- Work request -
Set down the line containing "跟着精力无限的劲劲,来来回回" and each line after it through the last line of the records, exactly, leaving pictures out.

Extracted records:
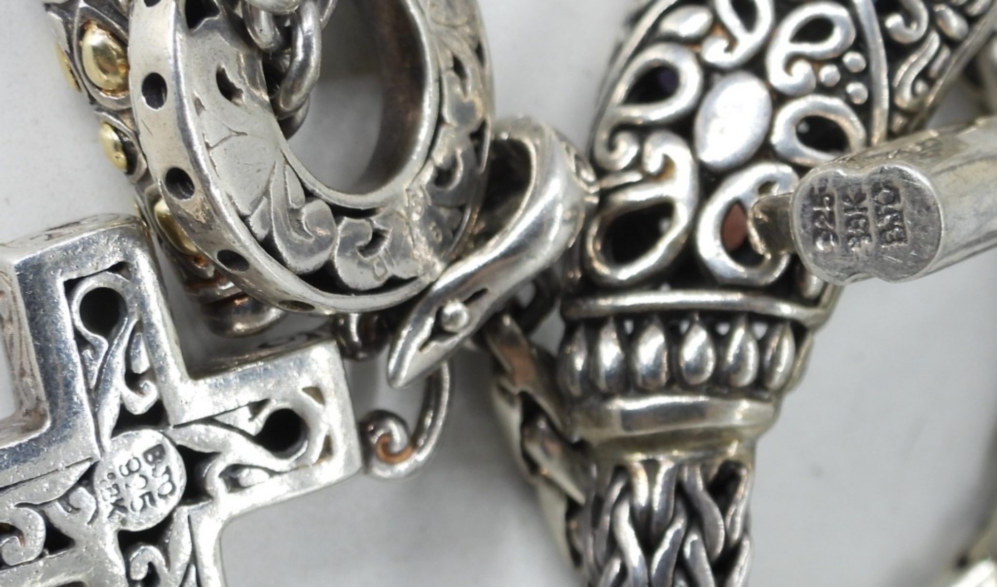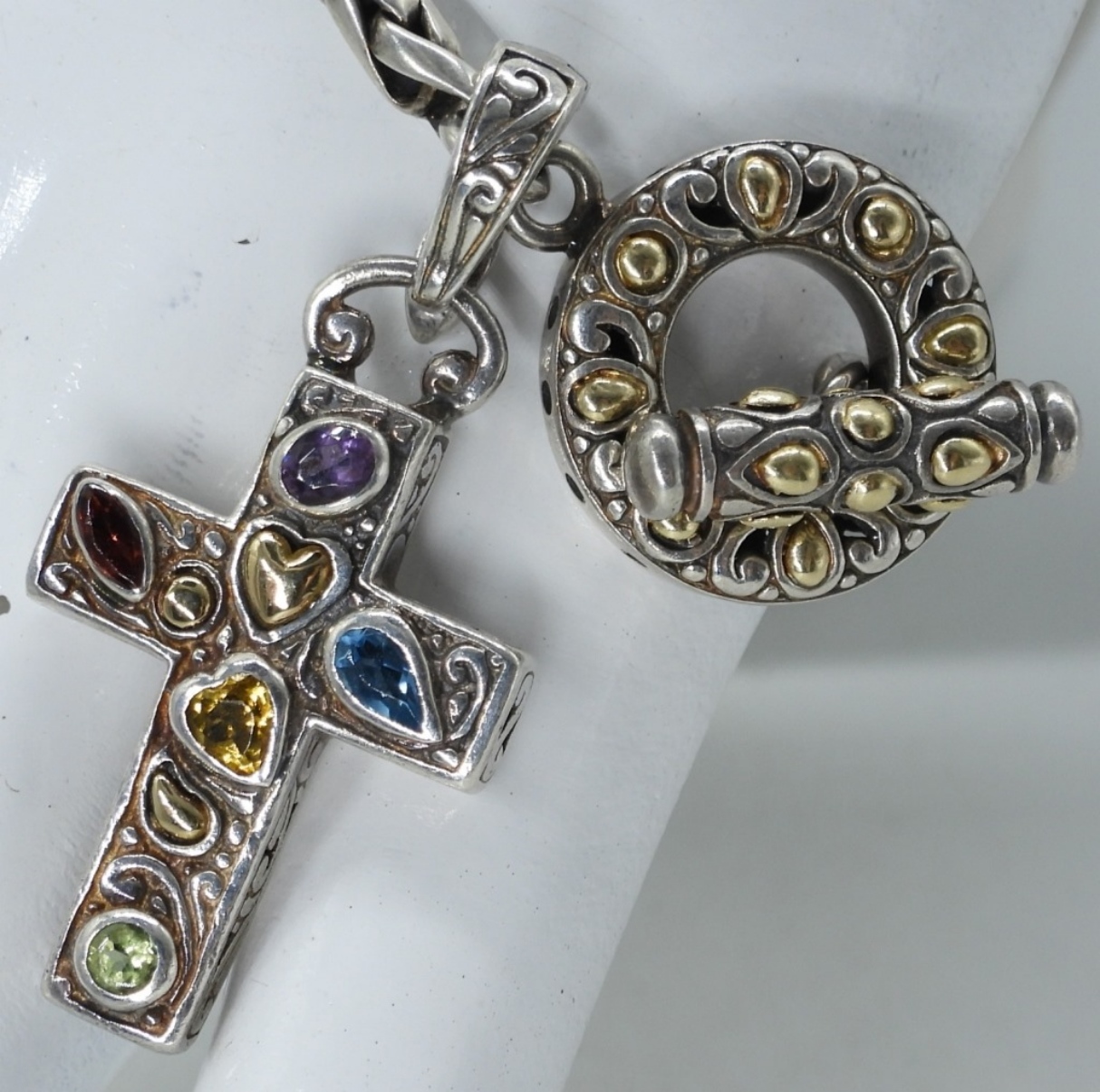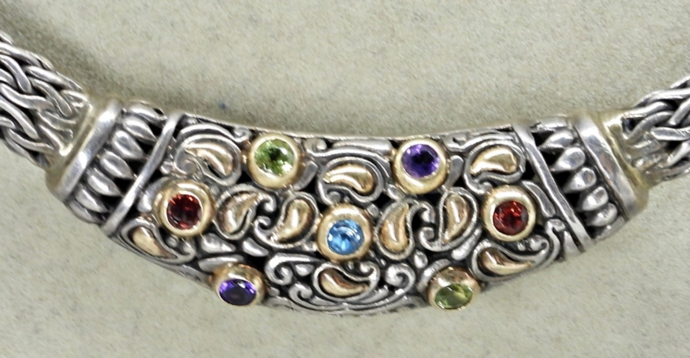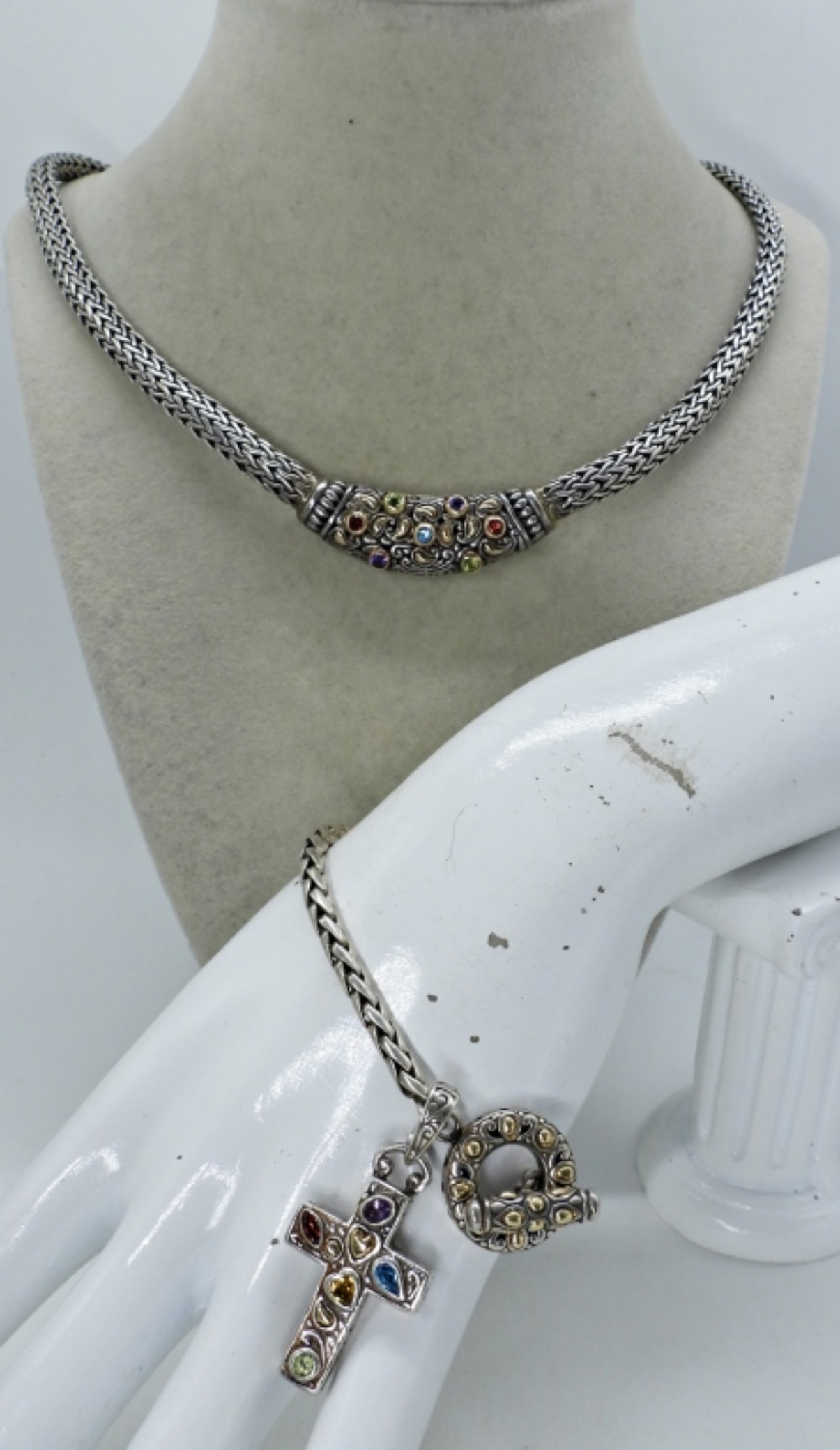 BJC SAMUEL BENHAM STERLING / 18KYG NECKLACE & BRACELET. NECKLACE IS 19″. BRACELET IS 8″. 18K YELLOW GOLD IN SMALL ACCENTS! (76 DWT)
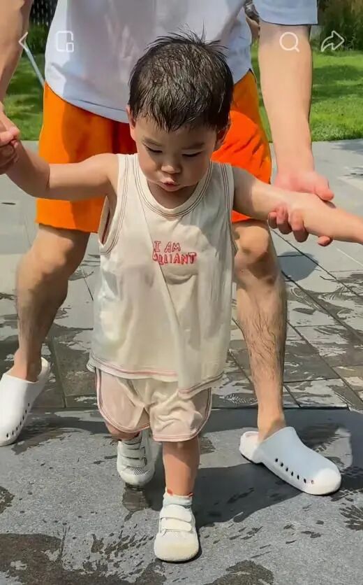 跟着精力无限的劲劲,来来回回跑了若干趟后,他累得生无可恋,还被网友嘲笑:劲劲,这是溜爹呢!
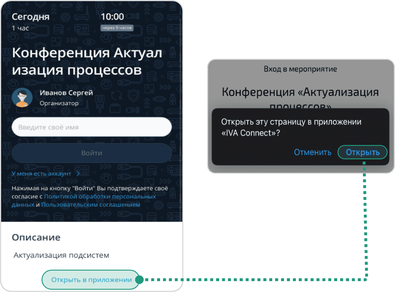 Перейти по ссылке, отправленной Организатором / Модератором → Нажать Открыть в приложении → Нажать кнопку Открыть
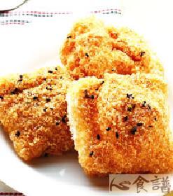 4.热油锅至油温约180℃,放入作法3的吐司块炸至表面呈金黄色捞出,沾上作法2的花生芝麻糖粉即可。
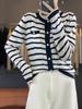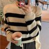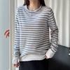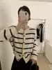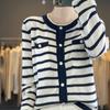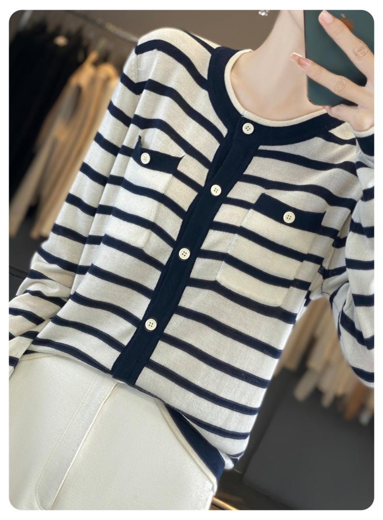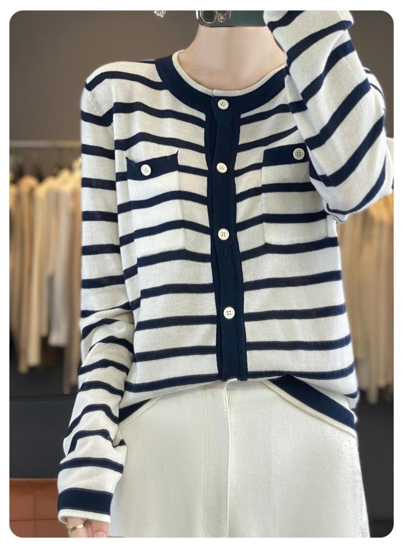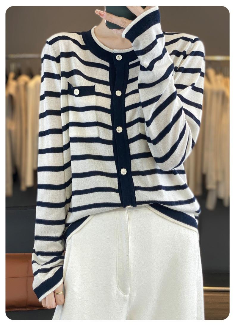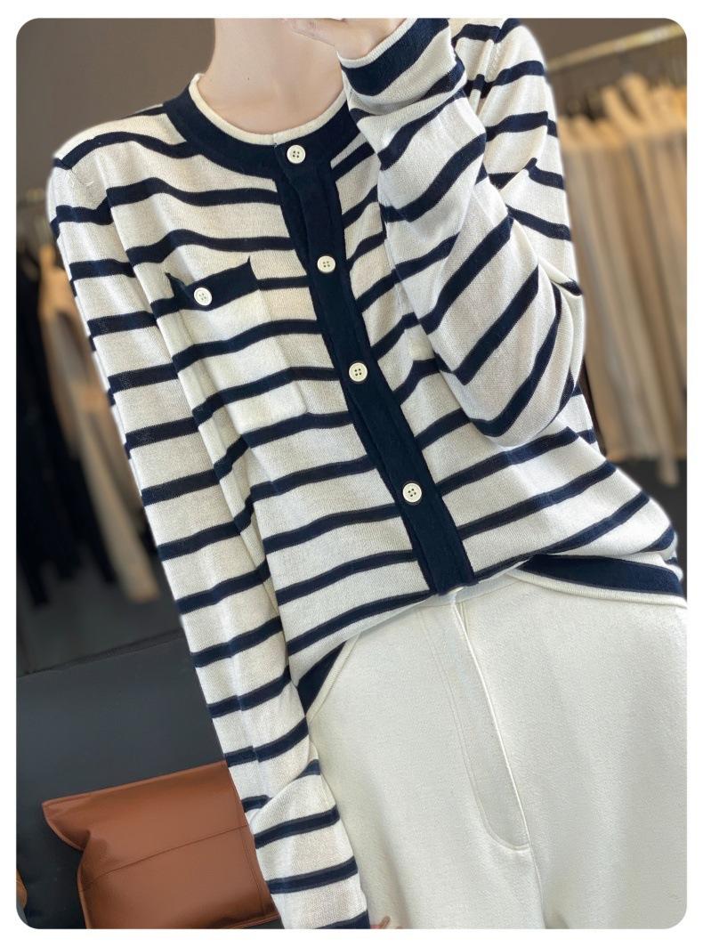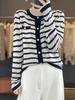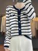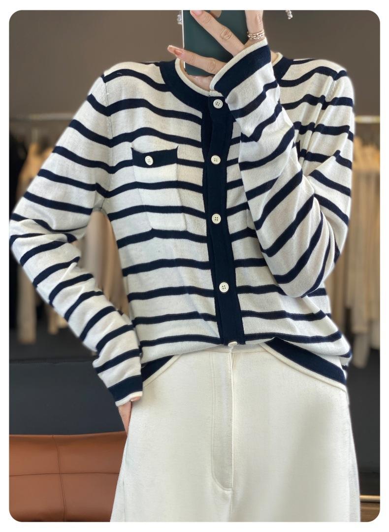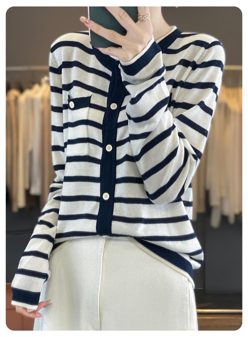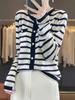 Suéter de punto para mujer, cárdigan de primavera y otoño, sencillo, de lana, clásico, informal, a rayas, cuello redondo, nuevo, color en contraste, manga larga.
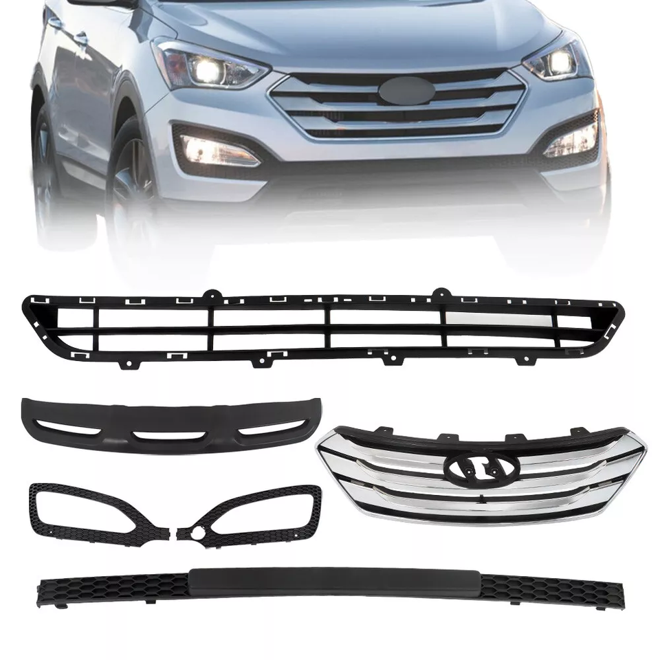 Kit Carrozzeria Anteriore Auto, Parti Auto, Griglia Superiore e Inferiore Anteriore, Cornice Fendinebbia, Striscia Paraurti per Hyundai Santa Fe Sport 2013-2016
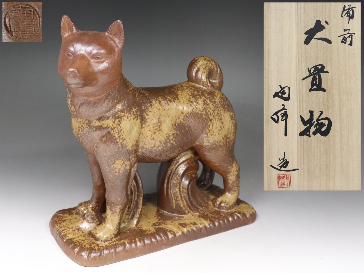- ◆備前・木村陶峰・犬・置物・干支・戌・床置・縁起物・厄除・栞・共箱◆a8172h
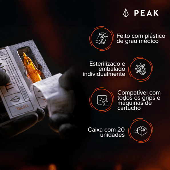 Cartucho Peak Triton com tecnologia linear patenteada, membrana anti-refluxo, agulhas em aço 316L e corpo em plástico grau médico. Caixa com 20 unidades estéreis, compatível com grips e máquinas de cartucho. ANVISA: 82151439005

- Exercise output -
 跟着精力无限的劲劲,来来回回跑了若干趟后,他累得生无可恋,还被网友嘲笑:劲劲,这是溜爹呢!
 Перейти по ссылке, отправленной Организатором / Модератором → Нажать Открыть в приложении → Нажать кнопку Открыть
 4.热油锅至油温约180℃,放入作法3的吐司块炸至表面呈金黄色捞出,沾上作法2的花生芝麻糖粉即可。
 Suéter de punto para mujer, cárdigan de primavera y otoño, sencillo, de lana, clásico, informal, a rayas, cuello redondo, nuevo, color en contraste, manga larga.
 Kit Carrozzeria Anteriore Auto, Parti Auto, Griglia Superiore e Inferiore Anteriore, Cornice Fendinebbia, Striscia Paraurti per Hyundai Santa Fe Sport 2013-2016
- ◆備前・木村陶峰・犬・置物・干支・戌・床置・縁起物・厄除・栞・共箱◆a8172h
 Cartucho Peak Triton com tecnologia linear patenteada, membrana anti-refluxo, agulhas em aço 316L e corpo em plástico grau médico. Caixa com 20 unidades estéreis, compatível com grips e máquinas de cartucho. ANVISA: 82151439005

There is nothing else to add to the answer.